Ada lima macam uji praklinis yaitu uji eksperimental in vitro, uji eksperimental in vivo, uji
toksisitas akut, uji toksisitas subkronik, dan uji toksisitas khusus. Uji toksisitas akut bertujuan
mencari besarnya dosis tunggal yang membunuh 50% dari kelompok hewan coba (LD50).
Pada tahap ini sekaligus diamati gejala toksik dan perubahan patologik organ pada hewan
yang bersangkutan.
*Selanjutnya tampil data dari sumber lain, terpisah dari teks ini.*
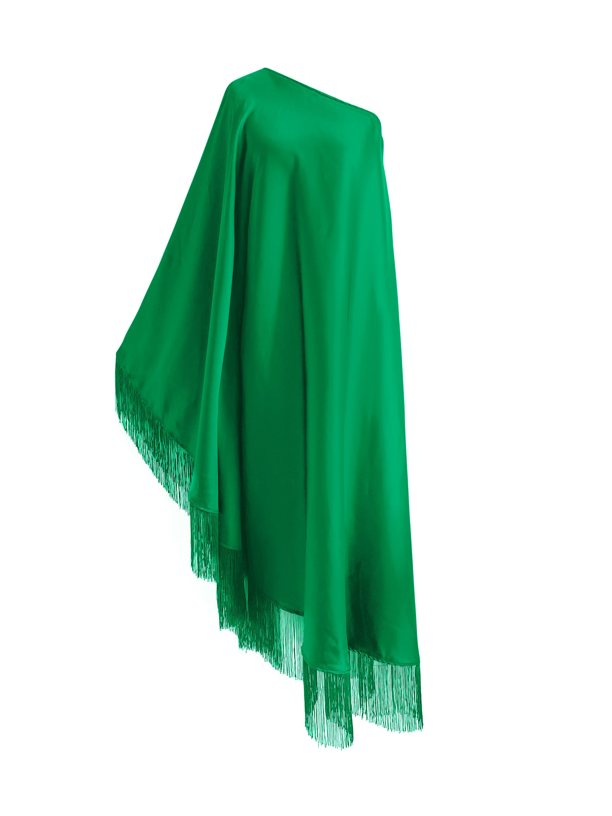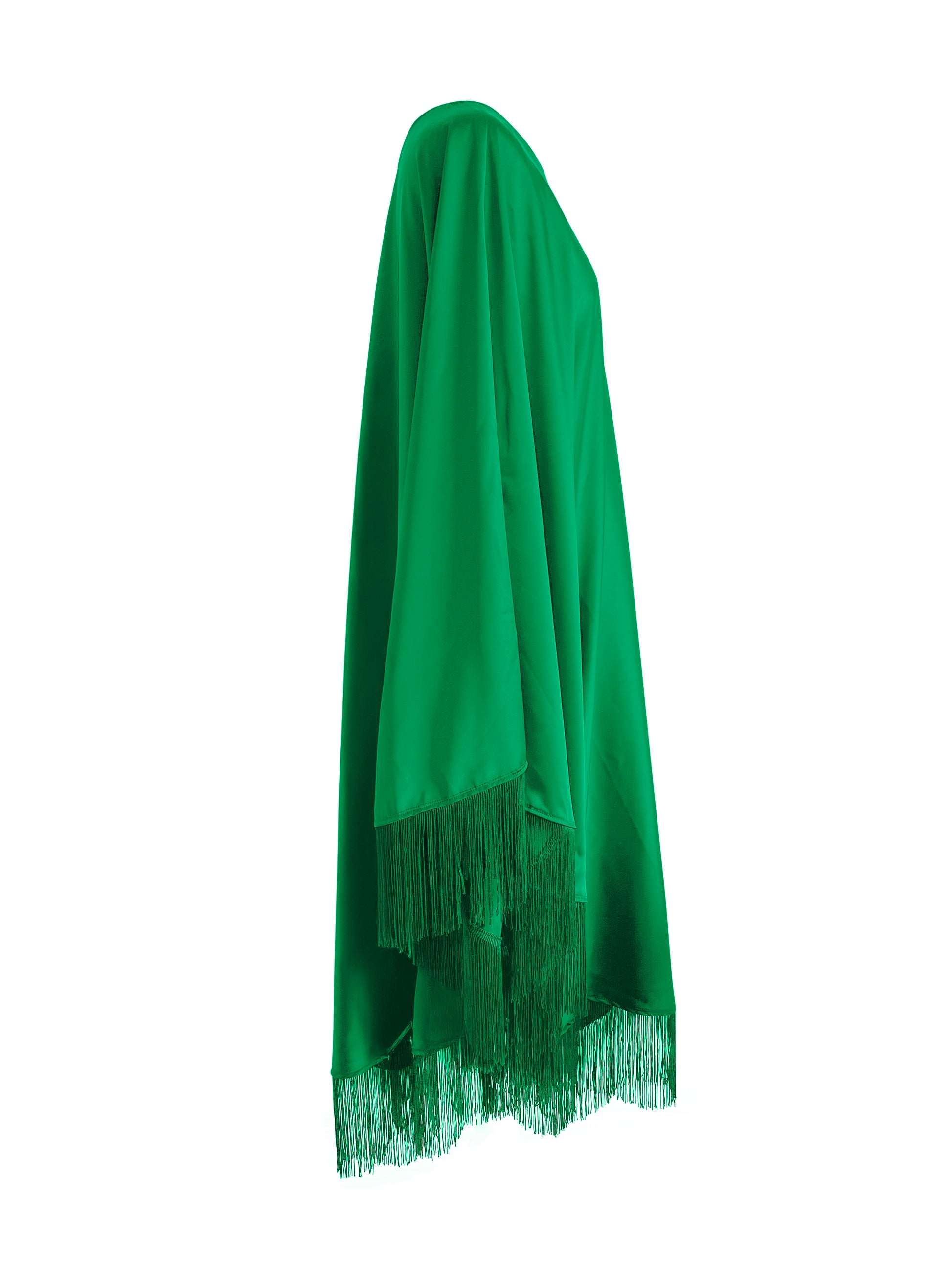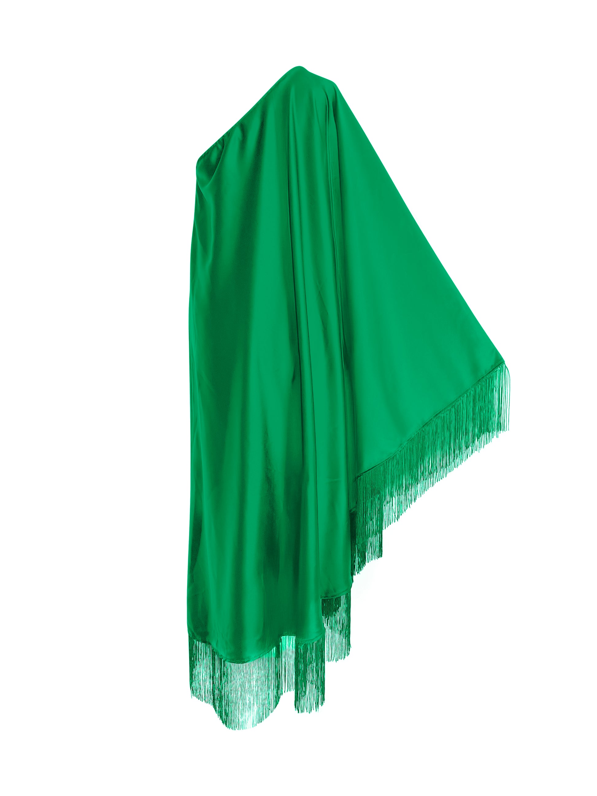 The Green Fringe Off Shoulder Glam Midi dress by Toma is comfortable, yet stylish. This dress features a one-shoulder neckline that is stretchy and can also be adapted to your body. Featured in green, this long length dress has green fringe trim detailing that is sophisticated and elegant. Stretchy and asymmetric neckline to adjust to your body. Made from cotton. Cut to be worn very loose.

Sedangkan uji toksisitas jangka panjang (subkronik dan kronik),
bertujuan meneliti efek toksik pada hewan coba setelah pemberian obat ini secara teratur
dalam jangka panjang dan dengan cara pemberian seperti pada pasien nantinya. Lama
pemberian bergantung pada lama pemakaian nantinya pada penderita. Penelitian toksisitas
jangka panjang meliputi penelitian terhadap system reproduksi termasuk teratogenisitas dan
mutagenisitas, serta uji ketergantungan. Walaupun uji farmakologi-toksikologik pada hewan
ini memberikan data yang berharga, ramalan tepat mengenai efeknya pada manusia belum
dapat dibuat karena spesies yang berbeda tentu berbeda pula jalur dan kecepatan
metabolisme, kecepatan ekskresi, sensitivitas reseptor, anatomi, atau fisiologinya.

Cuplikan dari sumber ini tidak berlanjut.